SUPPLIED INFORMATION

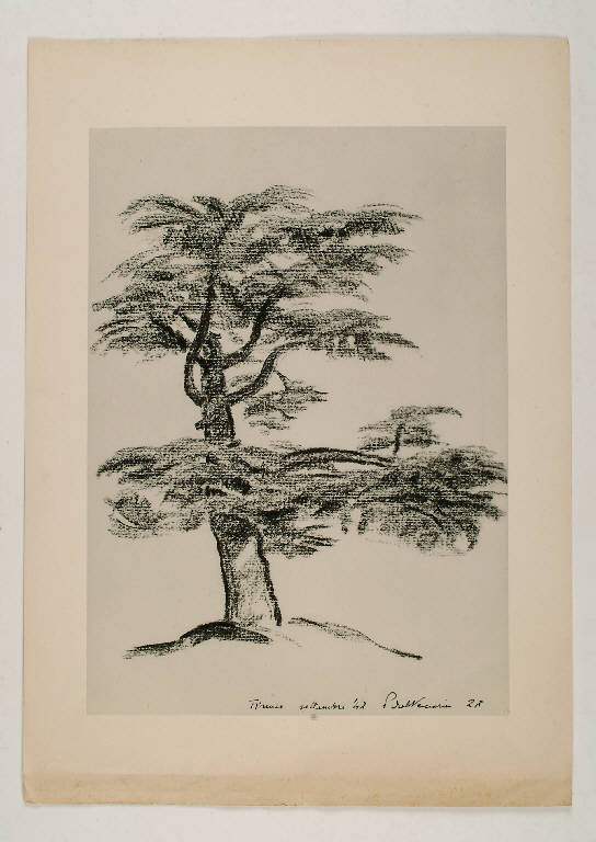 Riproduzione meccanica in fotolitografia dello studio di un albero, probabilmente un cedro del Libano, realizzata su sfondo grigio. Una spessa linea di contorno nera delimita il terreno, il tronco e i rami dell'albero. Sul lato sinistro del fusto la linea si fa più sottile in modo da conferire maggior effetto prospettico al disegno. Il segno è invece più sfumato e chiaroscurato nel tronco e nel fogliame, così da dare senso di profondità attraverso il contrasto tonale.
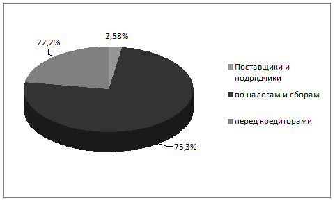 Рис. 9. Анализ пассивов Анализ источников собственных средств По данным отчетности источниками собственных средств фирмы «Аэровип» по состоянию на 31.12.2009 являются: • уставный капитал с учетом добавочного капитала - 708 тыс. руб.; • нераспределенная прибыль отчетного года – 6026 тыс. руб.; В целом за рассматриваемый период произошло увеличение суммы собственного капитала 2,03 раза. Это связано с нарастанием убытков. Анализ структуры кредиторской задолженности Источником финансирования имущества предприятия, наряду с собственным капиталом, являются краткосрочные заемные средства. За рассматриваемые периоды фирма «Аэровип» использовала краткосрочные кредиты банка на сумму 1500 руб. В балансе отражены краткосрочные кредиты, основным источником заемного финансирования является кредиторская задолженность. Состав кредиторской задолженности приведен в табл. 13. Размер кредиторской задолженности фирмы «Аэровип» за рассматриваемый период увеличился на 132,9% (по среднегодовым данным), что свидетельствует о невыполнении в срок своих обязательств, об усилении финансовой неустойчивости предприятия и повышении рискованности. В структуре кредиторской задолженности преобладает задолженность по налогам и сборам – 75,3%. По сравнению с 2007 г. ее доля увеличилась за счет уменьшение доли задолжности перед прочими кредиторами. Таблица 13 Анализ кредиторской задолженности
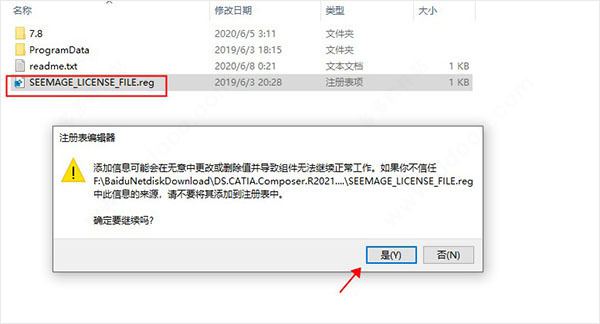 3、再运行“ SEEMAGE_LICENSE_FILE.reg”并确认将信息添加到Windows注册表中;

TASK OBJECTIVE
Would you transcribe, exactly and only, the lines from the one that contains "Рис. 9. Анализ" through the last line of the data above, without any pictures?

THE ANSWER
 Рис. 9. Анализ пассивов Анализ источников собственных средств По данным отчетности источниками собственных средств фирмы «Аэровип» по состоянию на 31.12.2009 являются: • уставный капитал с учетом добавочного капитала - 708 тыс. руб.; • нераспределенная прибыль отчетного года – 6026 тыс. руб.; В целом за рассматриваемый период произошло увеличение суммы собственного капитала 2,03 раза. Это связано с нарастанием убытков. Анализ структуры кредиторской задолженности Источником финансирования имущества предприятия, наряду с собственным капиталом, являются краткосрочные заемные средства. За рассматриваемые периоды фирма «Аэровип» использовала краткосрочные кредиты банка на сумму 1500 руб. В балансе отражены краткосрочные кредиты, основным источником заемного финансирования является кредиторская задолженность. Состав кредиторской задолженности приведен в табл. 13. Размер кредиторской задолженности фирмы «Аэровип» за рассматриваемый период увеличился на 132,9% (по среднегодовым данным), что свидетельствует о невыполнении в срок своих обязательств, об усилении финансовой неустойчивости предприятия и повышении рискованности. В структуре кредиторской задолженности преобладает задолженность по налогам и сборам – 75,3%. По сравнению с 2007 г. ее доля увеличилась за счет уменьшение доли задолжности перед прочими кредиторами. Таблица 13 Анализ кредиторской задолженности
 3、再运行“ SEEMAGE_LICENSE_FILE.reg”并确认将信息添加到Windows注册表中;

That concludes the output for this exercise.